The paper lacks a theoretical analysis of why the proposed method is effective.
The authors have compared relatively few experimental baselines. The authors explain the differences between DFCD and TechCD and ZeroCD in line 135. As far as I understand, TechCD and ZeroCD focus on the cold-start problem of students (new students), and DFCD can also solve the new students problem. Then why don't the authors compare TechCD and ZeroCD as baselines? Moreover, as methods focusing on cold-start, TechCD and ZeroCD should be introduced in detail by the authors instead of simply stating "unlike the cold-start issues addressed by TechCD and ZeroCD". Besides, why didn't the authors compare DCD and ECD mentioned in the related work (excluding the standard scenario)? Why only compare IDCD and ICDM in line 132?

问题

Please see weaknesses for details.

审稿意见

评分: 6置信度: 32024-11-04

This paper proposes DFCD, a novel cognitive diagnosis method that integrate textual semantic features and response relevant features for open student learning environments, which can be generalized to unseen students, exercises, and concepts. The authors conduct comprehensive experiments across various datasets to demonstrate the superior performance of DFCD. This method can be potentially useful for researchers in the field.

优点

The paper addresses an important problem in Cognitive Diagnosis: open student learning environment diagnosis, which is important as the online learning paradigm continues to evolve.
The method proposed by this paper is both sound and effective.
The paper is clearly written, with appropriate figures, tables, and equations.
The experiments design is thorough and extensive, providing comprehensive evidence for the claims made

缺点

This paper is clearly written with abundant experiments. I only have questions with a few details.
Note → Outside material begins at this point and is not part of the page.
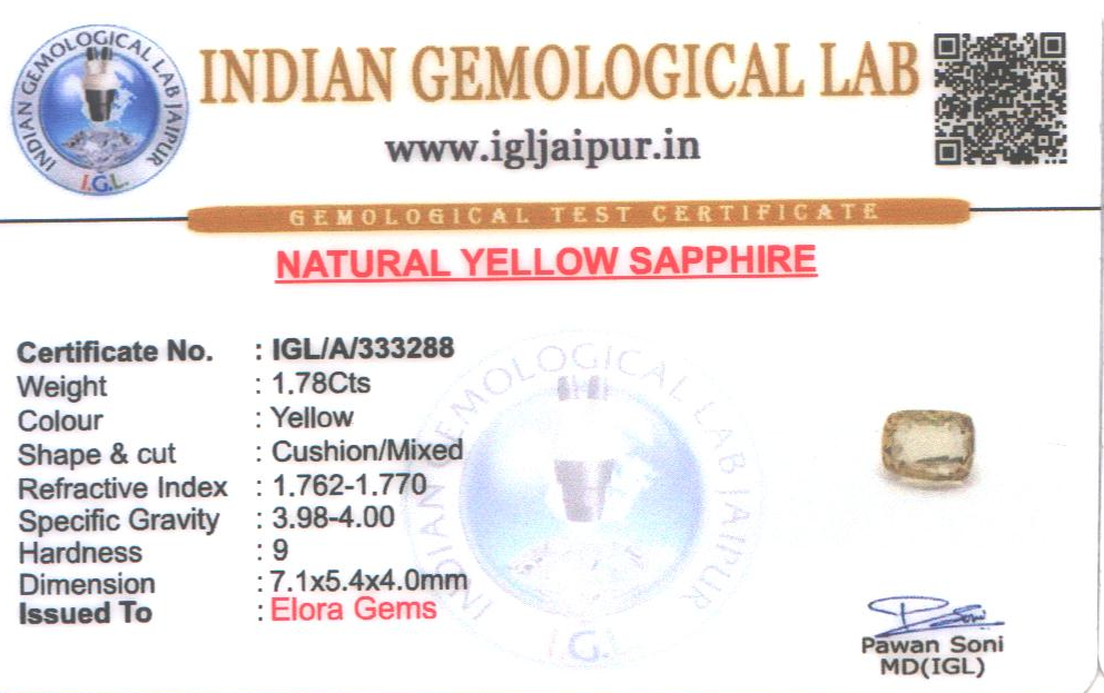 Natural Yellow Sapphire (Pushparag) weighing 1.78 carats In Cushion from Sri Lanka (Ceylon)
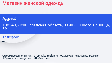 Магазин женской одежды по адресу 188340, Ленинградская область, Тайцы, Юного Ленинца, 59 в дальнейшем Организация, размещена в следующих категориях:

The preliminary experiment mentioned in the introduction and Appendix B shows that directly replacing id-embedding with textual embedding fails to benefit CDMs. Can this experiment be considered as an ablation study that removes the exercise refiner in the DFCD framework?
The performance of exercise refiner is only evaluated by how these exercises are clustered, but not how they benefit the final prediction of CD models.
Some typos: Line 136, Attribue -> Attribute; Line 310, Postive -> Positive;

问题

The exercise refiner shown in Figure 6 aims at providing textual information that is useful for CD (e.g.: what kind of skills students should have to complete the exercise). However, the summarization could omit detailed information for specific exercises. Two different exercises could have the same refined results.

撤稿通知

2024-12-03

I have read and agree with the venue's withdrawal policy on behalf of myself and my co-authors.